• Work instructions: Word for word, write the lines below out again, with no pictures.

• Exercise data:
━━━━━━
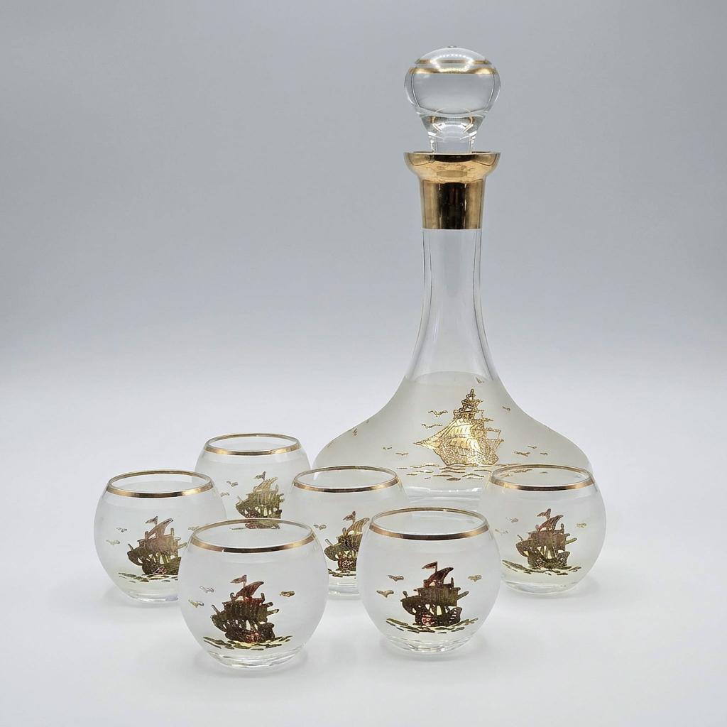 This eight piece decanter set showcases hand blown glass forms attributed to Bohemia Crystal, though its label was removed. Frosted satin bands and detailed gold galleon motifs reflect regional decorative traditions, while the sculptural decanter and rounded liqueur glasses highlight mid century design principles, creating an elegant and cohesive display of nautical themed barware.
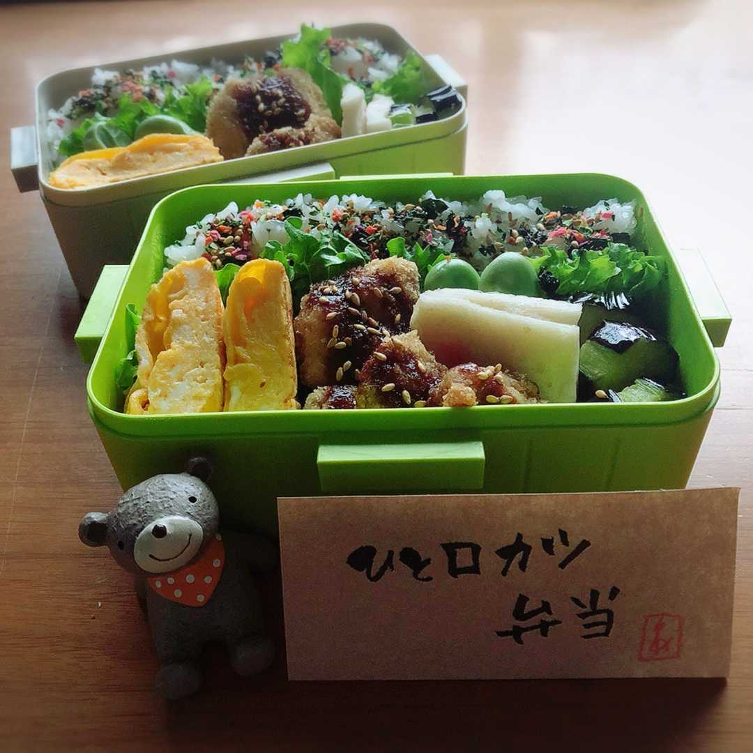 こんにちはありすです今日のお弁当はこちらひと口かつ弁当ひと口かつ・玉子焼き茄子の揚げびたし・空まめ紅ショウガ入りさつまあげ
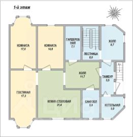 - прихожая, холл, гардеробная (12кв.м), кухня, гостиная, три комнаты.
━━━━━━
• Task output:
 This eight piece decanter set showcases hand blown glass forms attributed to Bohemia Crystal, though its label was removed. Frosted satin bands and detailed gold galleon motifs reflect regional decorative traditions, while the sculptural decanter and rounded liqueur glasses highlight mid century design principles, creating an elegant and cohesive display of nautical themed barware.
 こんにちはありすです今日のお弁当はこちらひと口かつ弁当ひと口かつ・玉子焼き茄子の揚げびたし・空まめ紅ショウガ入りさつまあげ
 - прихожая, холл, гардеробная (12кв.м), кухня, гостиная, три комнаты.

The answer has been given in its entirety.